The trial is being conducted under the strategic collaboration between Curium and PDRadiopharma, a wholly owned subsidiary of PeptiDream. The open-label, single-arm Phase 2 study is designed to evaluate the sensitivity, specificity and safety of ⁶⁴Cu-PSMA-I&T in Japanese patients newly diagnosed with unfavorable intermediate, high or very high-risk prostate cancer and scheduled for prostatectomy with pelvic lymph node dissection.

The results from this study, together with data from Curium’s ongoing global clinical trials, are expected to support future regulatory submission in Japan.

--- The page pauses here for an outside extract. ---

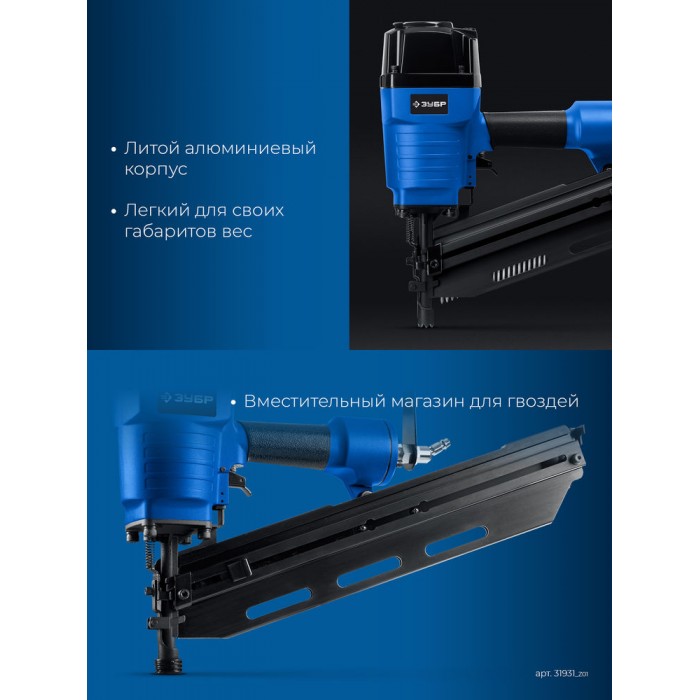 Профессиональный нейлер для забивания гвоздей большой длины. Широкий диапазон применений, вплоть до сборки каркасов деревянных домов.

In parallel, as announced in February 2026, a registrational clinical trial of the therapeutic counterpart, ¹⁷⁷Lu-PSMA-I&T, is being advanced to evaluate its efficacy and safety in patients with metastatic castration-resistant prostate cancer (mCRPC), as part of a theranostic approach.

Patrick C. Reid, President & CEO of PeptiDream commented: “The completion of patient dosing marks an important milestone in the development of ⁶⁴Cu-PSMA-I&T in Japan. This program represents a key component of our growing radiopharmaceutical pipeline and our broader theranostics strategy. We would like to thank the patients, investigators and clinical sites for their participation and support.”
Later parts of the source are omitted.